We are not a “Sunday morning only” crowd. By seeking God together, we develop intentional communities that serve our neighbors and the world. In this process we cultivate relationships that allow each other to speak the Word of God into each others’ lives. 

The Bible uses the imagery of iron sharpening iron to describe how community refines us. This is the hot crucible where Christ’s life-renovating work happens. And as it happens, we see God’s glory reflected more and more in the faces of our community. 

We seek to engage in the final work and mission that Jesus Christ left for His followers when he said, “go and make disciples for me from all the peoples of the earth” (Matthew 28:19). 
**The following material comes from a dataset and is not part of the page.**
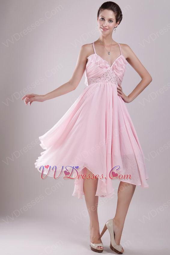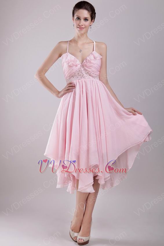 Pink Short Prom Dress With Spaghetti Straps Asymmetrical Skirt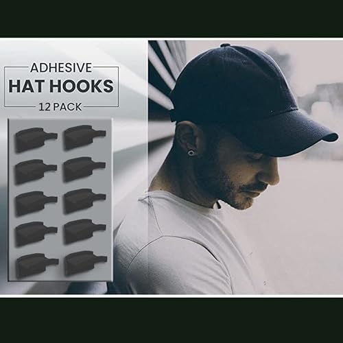 Durevole - 12 pezzi di supporto per cappelli in denim da parete utilizza adesivo ispessito e può resistere a 6 libbre (altre marche possono sopportare solo 3 libbre). Nota: Usiamo adesivi forti per garantire che il gancio del cappello rimanga in posizione per molto tempo. Pertanto, installare il gancio su una superficie liscia che non si strapperà.

We are meant to proclaim – in word and deed – the Good News of God’s Kingdom and His reconciling Love in our community and throughout the world. While worship is the only activity of the Church that lasts into eternity, mission is the only activity that can only be done here and now. This is where we take the life changing work that Jesus is doing in our lives and share it with others, inviting them to come and be changed too and extend it to the world.


OUR CORE VALUES

  • It’s no accident that we use the Table as our central metaphor. Christ has extended His invitation to all people, and we extend it in turn - in our Sunday gatherings and in the rest of our lives. We not only enjoy but want to invite one another into our lives, because again: gathering is not just about food and fun - it is about reminding one another of the hope we have in Christ.
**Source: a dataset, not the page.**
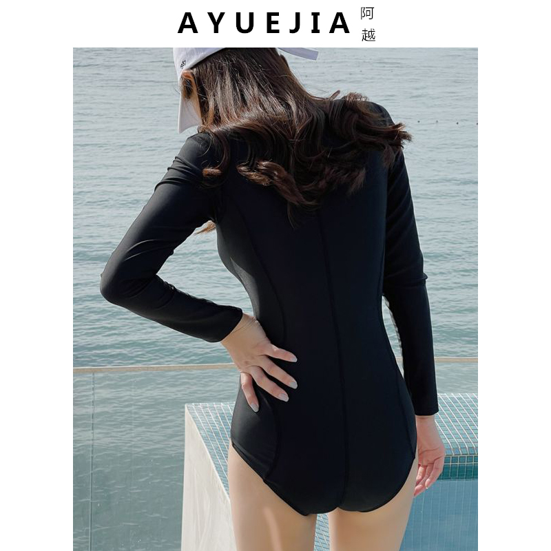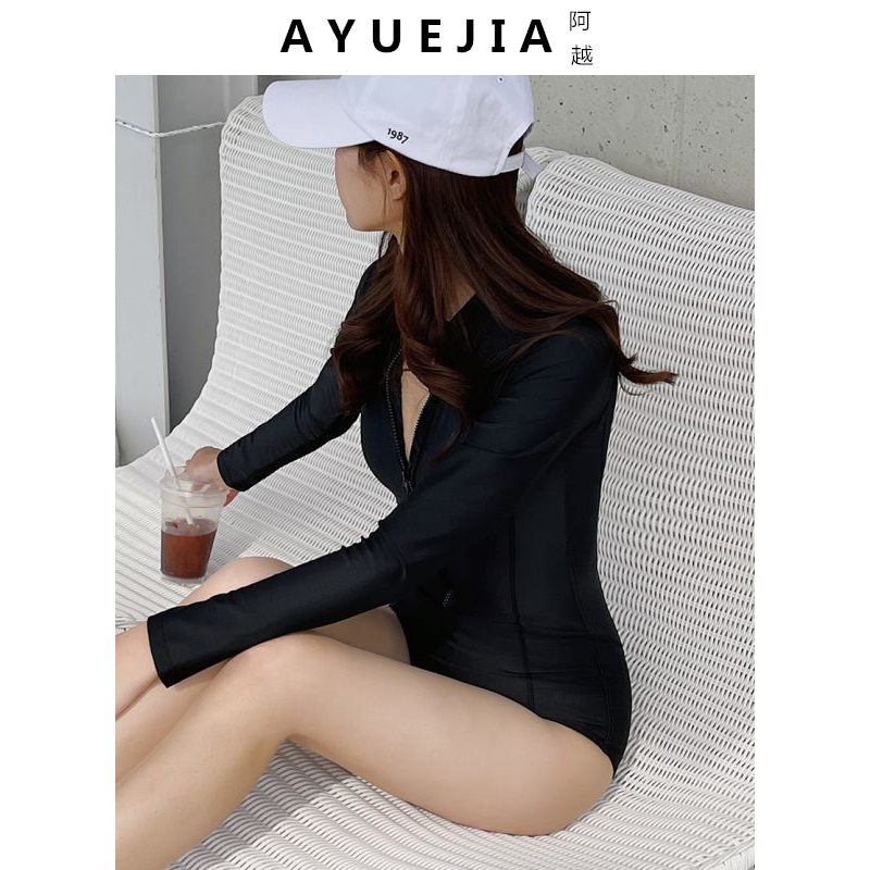 2021 new South Korean ins swimsuit black long sleeves slim fit swimsuit female conservative student Veil Slim Spa

  • In this context, “integrity” means “commitment to the gospel.” We want to talk about real hope, not false hope. And if this is really where our hope lies, it is going to be reflected in our worship on Sunday morning and our lives during the rest of the week.

  • As a response to the gospel and a sign of where our hope truly lies, we will be generous. This posture is both counter-cultural in a world that often puts hope in material possessions, and an outpouring, in love, of the hope we have been given.

  • When we celebrate what Christ has done for us, it is worth it to do it well. This is particularly expressed in the beauty of our worship, but we are also a people who value beauty. God has made beautiful things out of us, and we in turn are a community with a deep sense of His beauty in both the simple and the grand spaces of life and worship.